Just to give a little background about me: I was a career woman most of my life. I married at the pretty ripe age of 37 and had my daughter at 38. I gave up my six-figure (barely) income to be a stay-at-home mom. I figured I had a child so late in the game, I wanted to savor every minute of it. It was also important to me that I raised my daughter instead of some stranger. As luck would have it, my husband's work situation changed, increasing his income dramatically. It seemed like fate that I should stay home to raise our daughter.

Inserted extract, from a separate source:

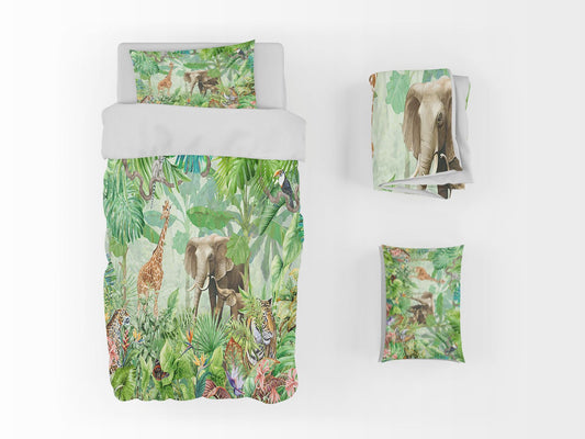 African Animals Kids Animal Green 3D Duvet Cover Set W Pillow Cover, Single Double Queen King Size, Printed Cotton Quilt Doona Cover 3 Pcs

I really didn't have the fun that I thought I would have. Raising a child is a lot of work with very little appreciation. Nevertheless, I never regretted my decision for a minute. Especially when our daughter started to miss some milestones and needed some extra help, I am so thankful I was around to learn and apply the behavior therapy techniques.
The truth is, that as much as I love my mommy hat, I miss wearing my career hat too. Now that my daughter is in school, I longed to go back to work. This past year, I did just that! I landed a part-time job at a growing internet start-up company where I was able to work flexible hours. I was able to work a lot from the comfort of my own home too. It was really great!
Now that our daughter's therapies are winding down, and her school offers great after school programs, I'm faced with the dilemma of increasing my hours at work and working a more set schedule. My boss even wants me to work a full-time day or two a week, which would mean hiring a sitter to pick up my daughter from school and feed her dinner at home.
This is both exhilarating and scary to me! I think I have to redefine what motherhood is to me. Am I ready to do so? I'm not sure.